LUS had well above 80 entries for Amazon (70 of them being specific entries). Only 2 entries that made sense (e.g. not ones like keywords or _encoding) had been in ClearURLs but not in LUS.
Although I do have conflicts of interest in the matter, I'd say that at this point ClearURLs has been obliterated in comparison. I give iam-py-test full 100% rights to make the calls on the following, with no interference from me, but I personally am getting unsure if a ClearURLs list conversion would be considered necessary nowadays. 😓
That's reasonable methodology. Possible to be more comprehensive over domain variety, like this is for TLD variety? I've a hunch that far-less-well-known sites than Amazon may have wider coverage on ClearURLs.
Possible to be more comprehensive over domain variety, like https://github.com/StevenBlack/hosts/issues/1181#issuecomment-608229213?
Given both lists have many global (applies to all websites) rules, measuring such coverage would be difficult.
It is definitely worth testing which permissions deactivate the global removeparam (AdGuard only):
removeparam rules can also be disabled by
$documentand$urlblockexception rules.
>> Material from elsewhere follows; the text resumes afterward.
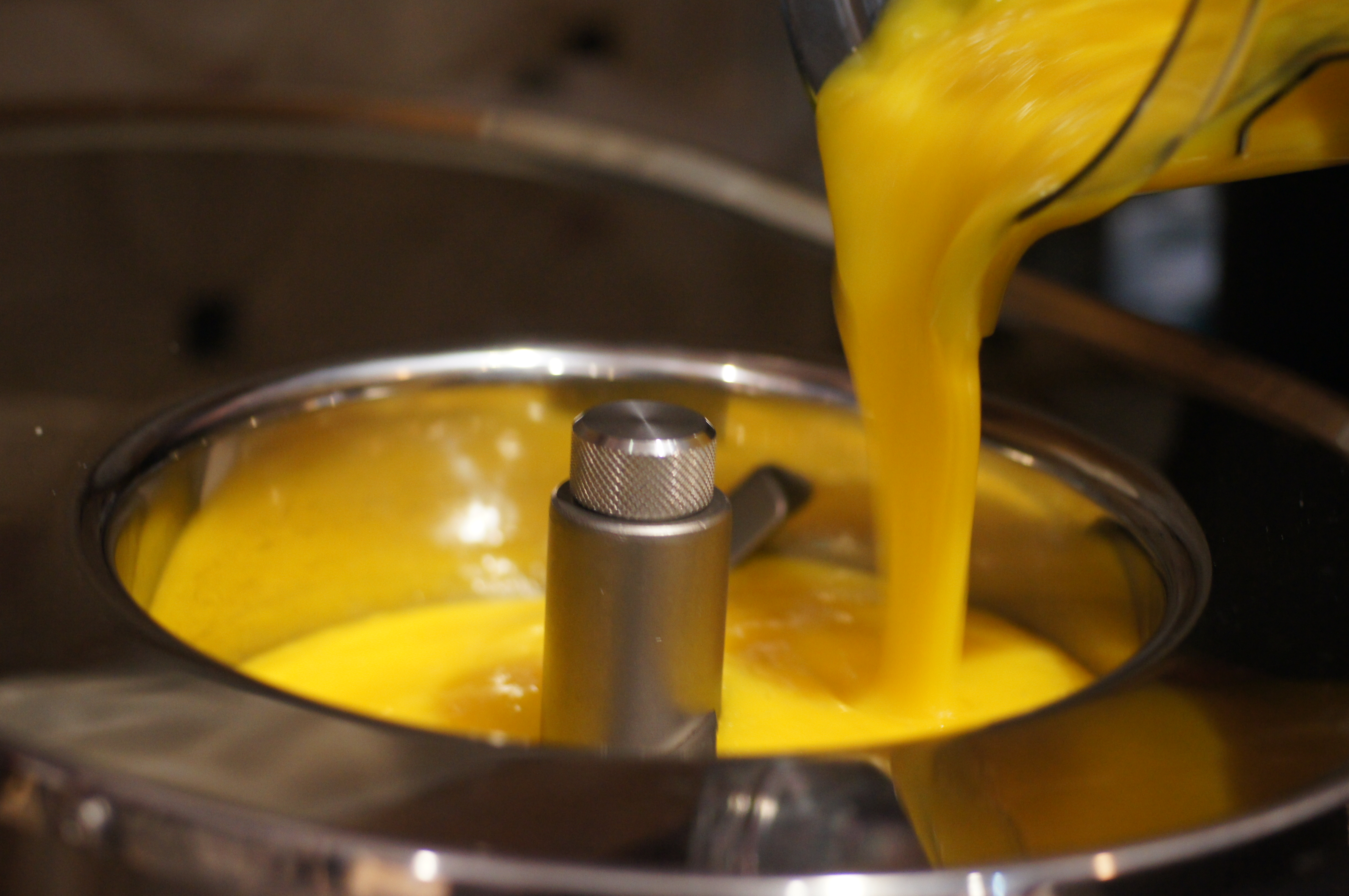 Recently, Denlyn3 of the Blog What to Cook did a post on Swordfish with a Yellow Mango Salsa commenting he had found Yellow Mangoes at Sprouts recently so it got me in the mood for mangoes. We really enjoy mangoes, especially the Ataulfo mangoes. They have a buttery flesh that is not fibrous and a thin pit. Their flesh is a deep yellow and they have higher sugar content than the red (Tommy Atkins) mangoes. They have a rich, spicy flavor, high in vitamin C and dietary fibre. So they not only taste good but they are good for you. I like foods like that, especially when I want a dessert. If you have an ice cream freezer, give this a try from March through September while these jewels are still abundant.
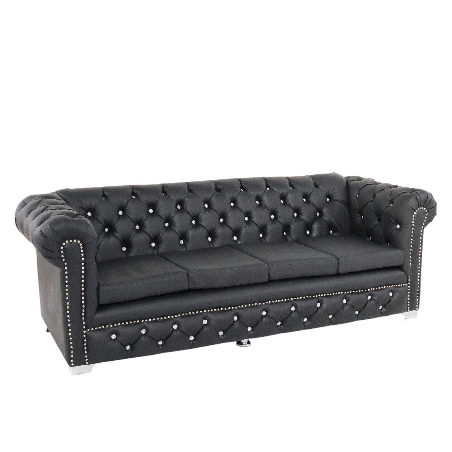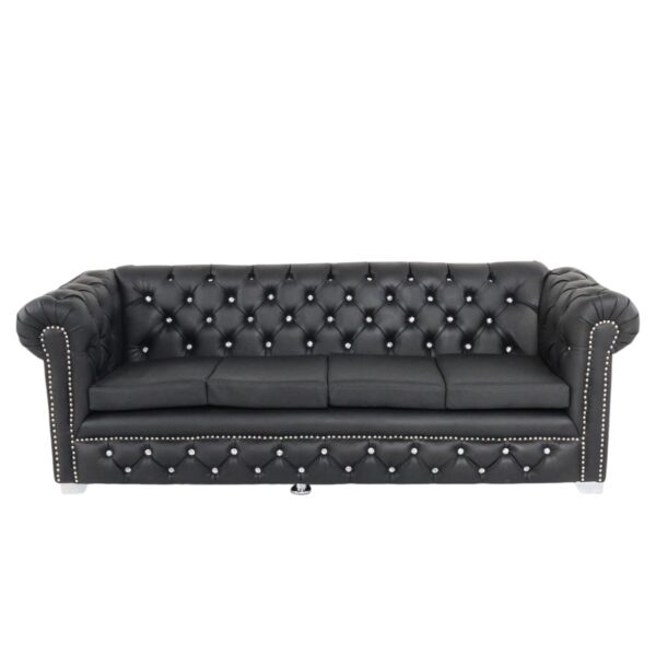 ◽ Diseño Chesterfield Tradicional: Costuras profundas tipo capitoné, brazos curvos y remaches decorativos que realzan el carácter del mueble.

But basic exception rules without modifiers do not do that. For example,@@||example.com^will not disable$removeparam=pfor requests to example.com, but@@||example.com^$urlblockwill.
Then the script "user.js" with API to edit parameters will probably work better on locked ranges.
https://adguard.com/kb/general/ad-filtering/create-own-filters/#urlblock-modifier
Hi! According to our rules, it should be the filter that oriented towards browser content blockers as mentioned Legitimate URL Shortener here.
As currently one list pulls in 100% of the rules of the other is a bit like that (I have not checked how it is done, for example, with the reduction of duplicates on the script side before publishing the list update).
The only thing that worries me is something like the mode of deactivation of cosmetic filters on https-sensitive sites - here with rules we can also deactivate the removal of parameters completely.